Vibe check: EACL 2024

I was honored to be able to attend EACL 2024 in Malta last month. The following is a brief, opinionated “vibe check” on NLP based on my experiences there. I had never been to an EACL, but it appealed to me because I’ve always respected the European speech & language processing community’s greater interest in multilingualism compared to what I’m familiar with in the US. And, because when or why else would I get to see Malta? The scale of EACL is a little more manageable than what I’m used to, and I was able to take in nearly every session and keynote. Beyond that, there wasn’t much difference. Here are some trends I noticed.

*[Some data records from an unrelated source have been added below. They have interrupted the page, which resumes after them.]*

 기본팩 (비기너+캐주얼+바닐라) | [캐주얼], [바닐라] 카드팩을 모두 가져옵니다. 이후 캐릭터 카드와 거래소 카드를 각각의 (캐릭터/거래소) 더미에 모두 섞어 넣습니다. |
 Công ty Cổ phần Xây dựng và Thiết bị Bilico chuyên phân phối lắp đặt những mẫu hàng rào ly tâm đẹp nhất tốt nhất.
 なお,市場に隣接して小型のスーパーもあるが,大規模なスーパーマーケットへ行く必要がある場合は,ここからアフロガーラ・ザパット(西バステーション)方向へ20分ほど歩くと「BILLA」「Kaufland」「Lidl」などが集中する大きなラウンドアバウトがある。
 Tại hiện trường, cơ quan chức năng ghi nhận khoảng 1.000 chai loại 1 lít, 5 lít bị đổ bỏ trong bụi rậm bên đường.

We’re doing prompt engineering, but we’re not happy about it

It’s hard to get a research paper out of prompt engineering. There really isn’t much to report, except the prompts used and the evaluation results. And, there doesn’t seem to be the slightest theory about how one ought to design a prompt, suggesting that the engineering part of the term is doing a lot of work. So, while I did see some papers (to be fair, mostly student posters) about prompt engineering, the interesting ones actually compared prompting against a custom-built solution.

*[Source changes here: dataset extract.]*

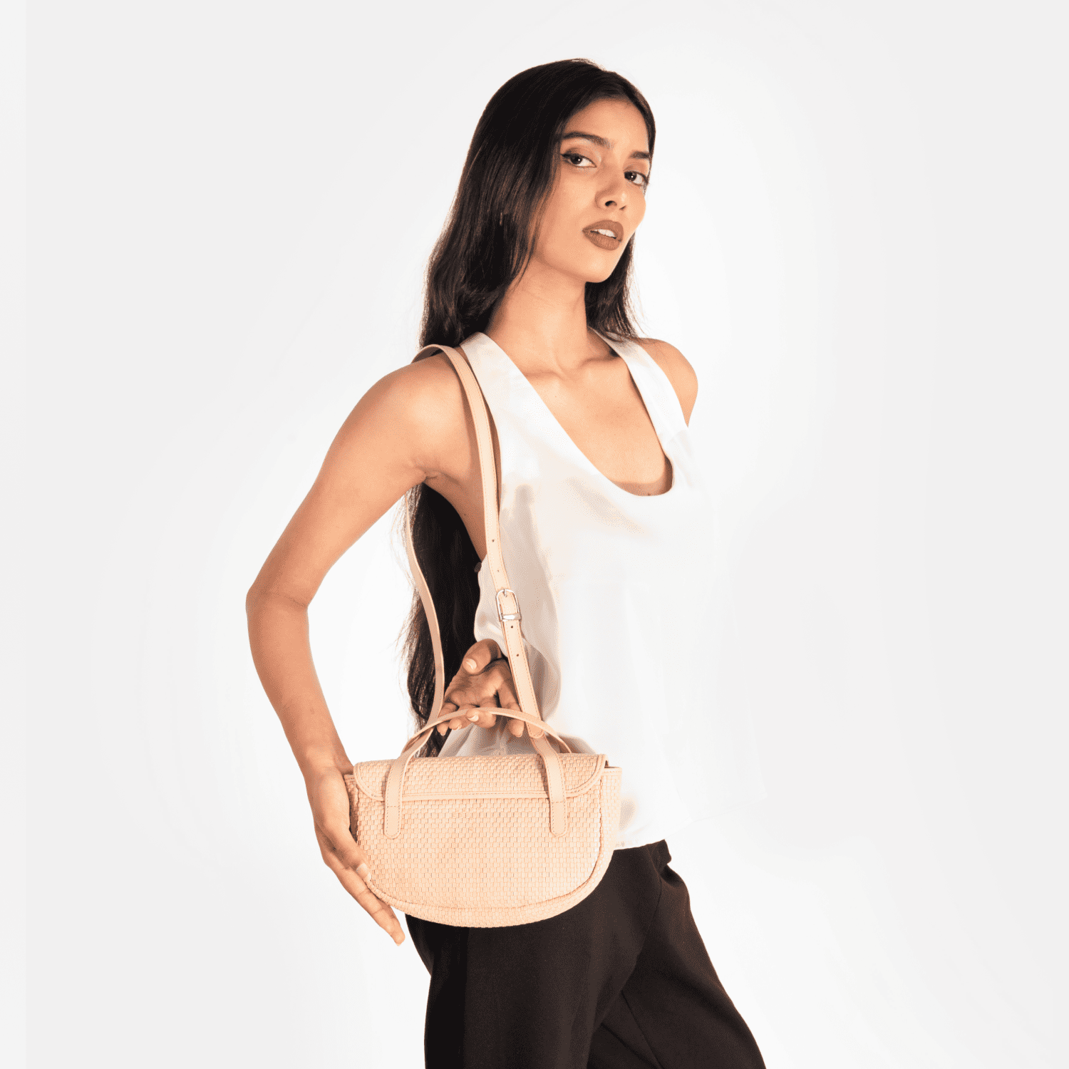 A refined crossbody with a minimalist arc silhouette. The Ziv Mini’s compact form and intricate weave make it a versatile piece that elevates every look.

There’s plenty of headroom for older technologies

I was struck by one of the demonstration papers, which was using fine-tuned BERT for the actual user-facing behaviors, but an SVM or some other type of simple linear model trained on the same data to provide “explanability”. I was also struck by the many papers I saw in which fine-tuned BERT or some other kind of custom-built solution outperformed prompting.

Architectural engineering is dead for now

I really enjoy learning about new “architectures”, i.e., ways to frame speech and language processing problems as a neural network. Unfortunately, I didn’t learn about any new ones this year. I honestly think the way forward, in the long term, will be to identify and eliminate the less-principled parts of our modeling strategies, and replace them with “neat”, perhaps even proof-theoretic, solutions, but I’m sad to say this is not a robust area.

Massive multilingualism needs new application areas

In the first half of Hinrich Schütze’s keynote, he discussed a massively multilingual study covering 1,500 languages in all. That itself is quite impressive. However, I was less impressed with the tasks targeted. One was an LM-based task (predicting the next word, or perhaps a masked word), evaluated with “pseudo-perplexity”. I’m not sure what pseudo-perplexity is but real perplexity isn’t good for much. The other task was predicting, for each verse from the Bible, the appropriate topic code; these topics are things like “recommendation”, “sin”, “grace”, or “violence”. Doing some kind of semantic prediction, at the verse/sentence level, at such scale might be interesting, but this particular instantiation seems to me to be of no use to anyone, and as I understand it, the labels were projected from those given by English annotators, which makes the task less interesting. Let me be clear, I am not calling out Prof. Schütze, for whom I have great respect—and the second half of his talk was very impressive—but I challenge researchers working at massively multilingual scale to think of tasks really worth doing!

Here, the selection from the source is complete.